Thursday, March 22, 2007

The Era of Instability

I had the privilege of hanging out with the founder of Transmeta on Tuesday. Over a tasty ravioli, we discussed the state of networking and its evolution from the just a decade ago.

In the late 90s there were some big changes afoot in networking. For most vendors in the space, doing a new product meant doing a new ASIC. The ability to build new features on a given ASIC either meant expensive respins of the chip or tossing a processor core into the ASIC. (Early Alteon hardware did just that.) The problem with the CPU on the ASIC approach is that there tend to be limits with what can be done in terms of performance, available memory, and of course third party software. There is some room for improvement here with Linux running on PowerPC and MIPS processors, but it's hard to beat Linux's flexibility on x86.

And we noticed that back in the late 90s.

The result was a wave of new appliance based products. My product at the time, the iSD SSL Accelerator, was an early entrant in appliance based networking and while it was nowhere near the flexibility offered by traditional networking products, it did prove that x86 networking was here to stay.

Fast forward a few years. The appliance market is booming and most new networking boxes are x86 server platforms running Linux. A few shops use FreeBSD. All the networking guys have moved over and started "fixing" all the code that was initially written by people like me -- people with application space Linux expertise. Us apps guys of course learned in the process and we watched our code migrate from multi-threaded beasts to single thread state machines built around classic networking ideology.

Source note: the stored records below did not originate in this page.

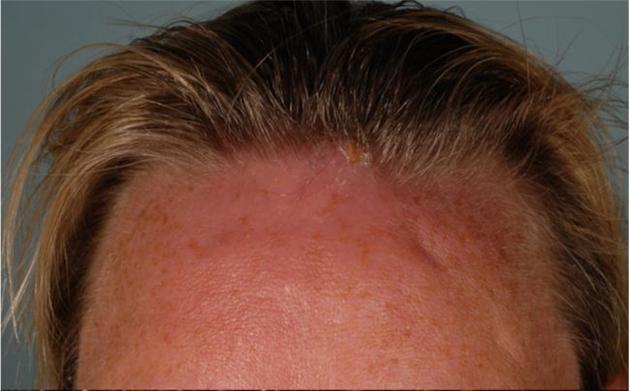 一名英国女性访问乌干达时,前额被一只蝇类幼虫感染了。上图可看到该女士发际线附近的幼虫呼吸口,周围区域已经红肿
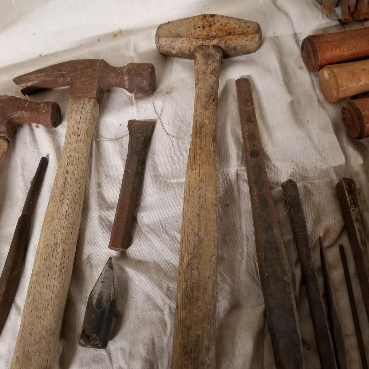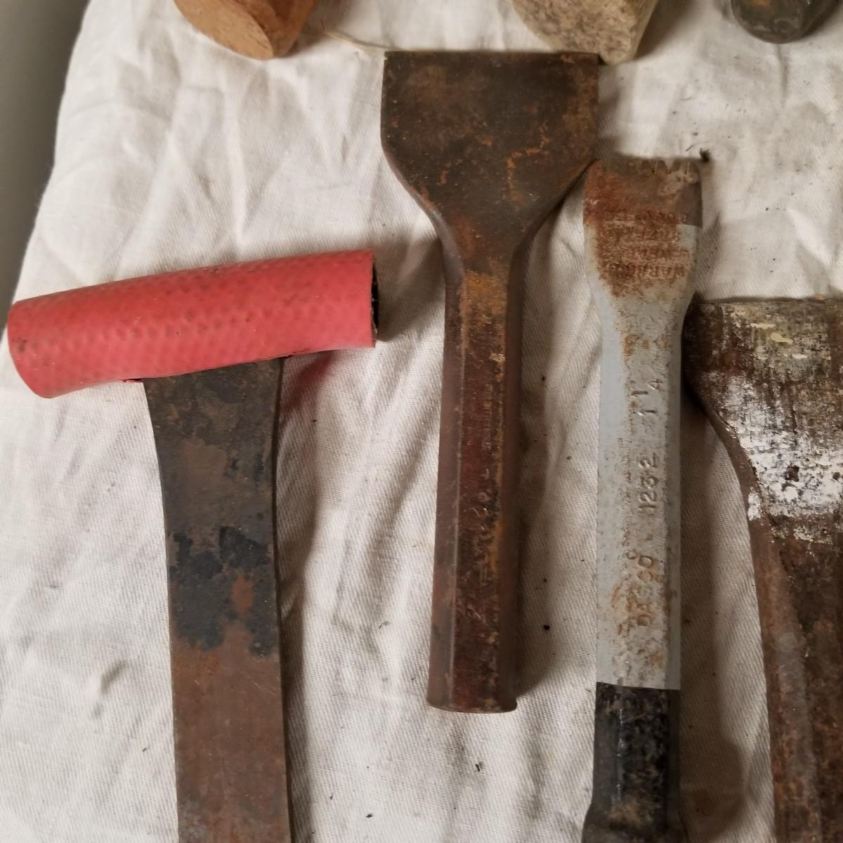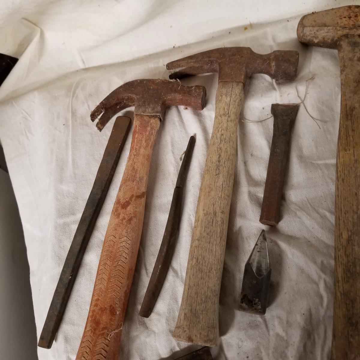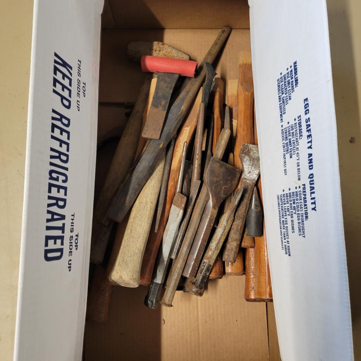 Hammers, hammer handles, chisels.  Seven Craftsman wood handles, various cold chisels, drifts, punches.  Brick chisels, star drill. Longest item is 16 1/2".  All items show some wear and tear.  Local pickup only.
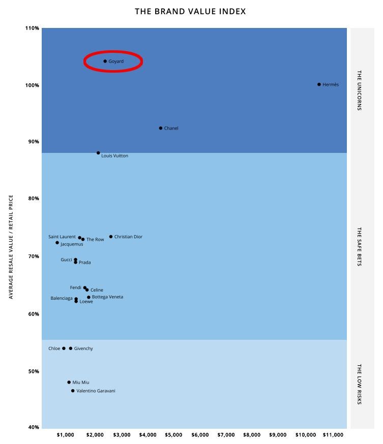 范主认识的一个Sa,上个月就表示Goyard新年过后要涨价,且涨幅很可能在15%左右(最终涨幅不到10%)。加上开头提到的The Real Real的年度报告,其保值率稳居第一,再次印证了Goyard越买越涨的江湖传说。
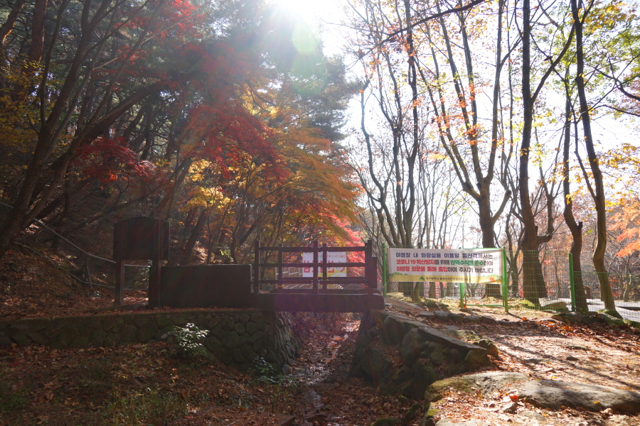 한적한 치산리 동봉 코스을 올라 염불암을 지나 코르나19’로 혼잡한 동화사 관람을 피하는 대신 팔공산에서 가장 걷기 좋은 오솔길로 하산했습니다. 이 코스는 대구 시민이 동봉으로 오를 때 즐겨 찾는다고 합니다. 치산계곡은 대중교통이 불편해 승용차를 이용했다면 동봉 정상에서 왔던 길을 다시 되짚어 하산 합니다 ‘현위치 번호 팔공 동봉 50-50’ 표지목에서 올라왔던 진불암길 대신 오른쪽 수도사(계곡) 방향으로 하산하면 됩니다. 치산계곡 원점회귀 코스로 알려진 신령재(도마재)에서 수도사로 하산하는 계곡 길은 내년 5월 15일 까지 산불예방 기간으로 입산통제 중이니 참고합니다.
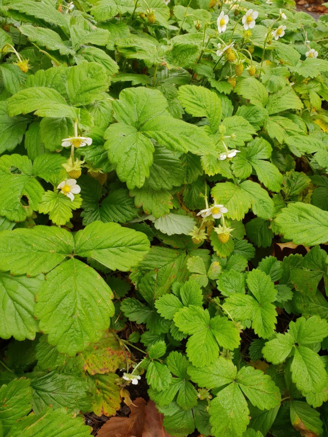 I morse när jag gick till tunnelbanan så fick jag syn på att smultronplantorna blommar.
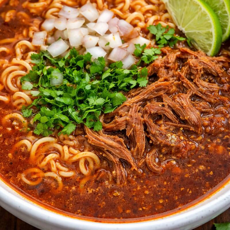150gr de carne de birria con jugo acompañado de ramen y queso (incluye verduras y salsa) con 3 tortillas
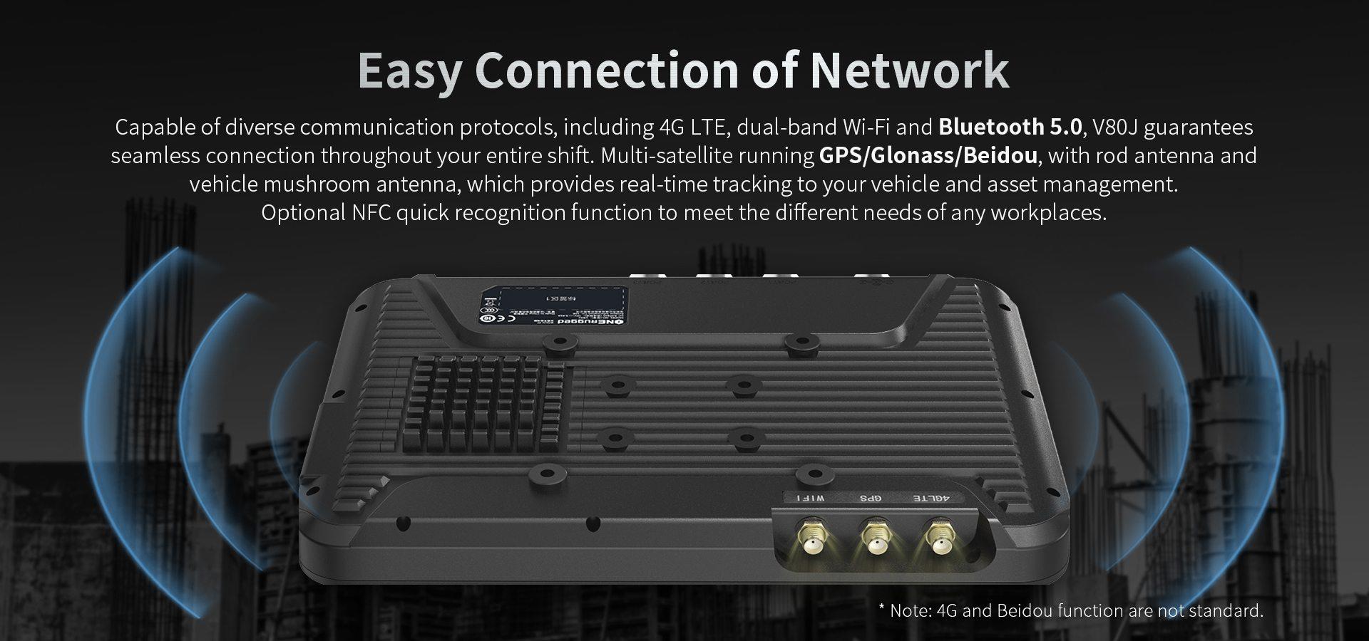 4G LTE, dual-band Wi-Fi, Bluetooth 5.0 and GPS/Glonass/Beidou functions, with available vehicle mushroom antenna.
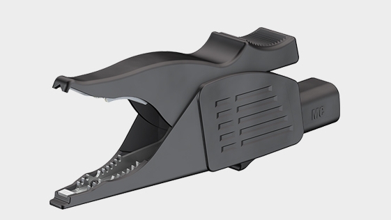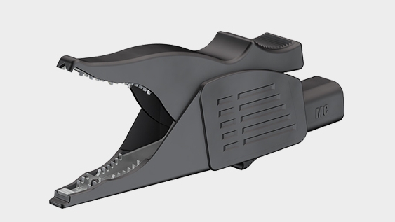 Made of brass, with all-round insulation. Toothed gripping jaws with fine-wire clamping surface. Ø 2 mm rigid socket in insulator.
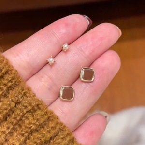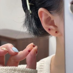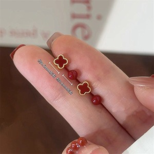 秋冬相思红豆珍珠耳钉女轻奢简约高级感四叶耳饰养耳洞四件套耳环
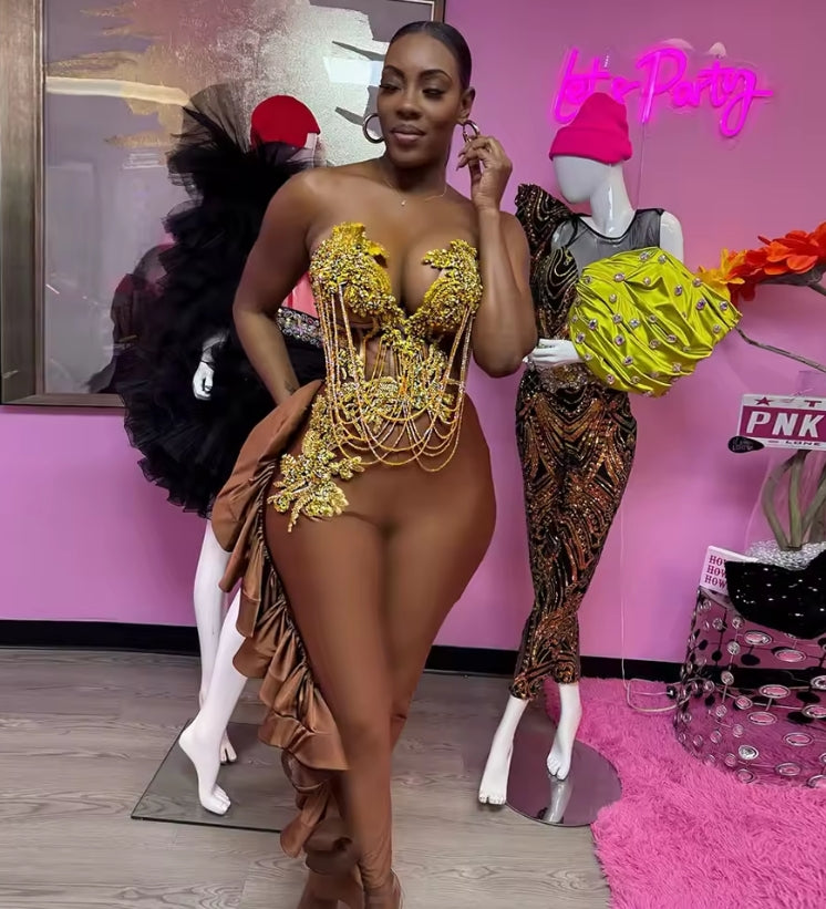Sexy Crystal Gold Birthday Dresses For Women Rhinestone Tassel Mermaid Prom Gowns Sweetheart Cocktail Party Dress Customized

As the CPU megahertz game really picked up in the middle of the decade we watched the single threaded beasts make stunning -- and linear -- performance improvements. A networking engine that could perform n units of work in 1 second at 1Ghz was able to so 2n units of work at 2Ghz. Feature sets built around these engines and a significant amount of production infrastructure used these appliances.

As 2005 started winding down and 2006 was on the horizon, we had a small problem on our hands. The megahertz game was coming to a close the multicore computing was becoming a reality. As the media around us buzzed in anticipation of dual-core and quad-core machines coming out, a lot of engineers huddled around their cubes and asked what now?

At first glance multi-core doesn't seem like a big deal. Classic networking has long done systems with multiple CPUs. Except for one detail -- classic networking was doing a lot of stateless processing that required little to no inter-processor communication. When work did need to move from CPU to CPU, circular queues could be used to provide lockless data structures -- computer science jibber for saying that multiple CPUs could work well together for the same reason an assembly line works: workers don't need to touch the same thing at the same time.

For classic networking, the nature of the problems being solved allowed them to avoid a lot of messiness. But things had changed. The power and flexibility of being on a real Unix-like server platform meant that new and far more complex problems could be tackled. These problems are unlike older networking problems in that they are not easily divisible.

So what's next? If appliance vendors are going to figure out how to make the next generation of networking hardware, they are going to have to figure out how to take advantage of multi-core CPUs without losing existing features. And this means taking the time to carefully divvy up the work that is not easily divisible. When changes this drastic come down the pike, drastic risk typically come with it.

The next two years are going to be both an opportunity for startups and a curse for IT managers that have to deploy and support networking appliances. Startups that have the luxury of designing support for multi-core platforms into their architecture are going to be able to ship stable products from day 1 that scale as the number of cores go up. By comparison existing players are likely to ship a version or two of products that are simply not nearly as stable as their predecessors. Either way, IT managers are going to have their hands full as they are forced to deal with performance challenges posed by their end users and stability challenges posed by their existing vendors.

Time to look at some of these startups, eh?

1 Comments:

Anonymous Anonymous said...

Interesting idea Steve. Is there any room for ASIC accelerated appliances (SSL, compression, security, REGEX processing) or do you think that economically the general purpose x86 will always win out? Sounds like you are advocating use of multiple cores to help address the "feature concurrency" problem...to many fetaures running on a shared general purpose resources. I agree this is interesting, as it being able to "partition" and allocate other hardware resources. How about a followup post on the implications of virtualization on the appliance space?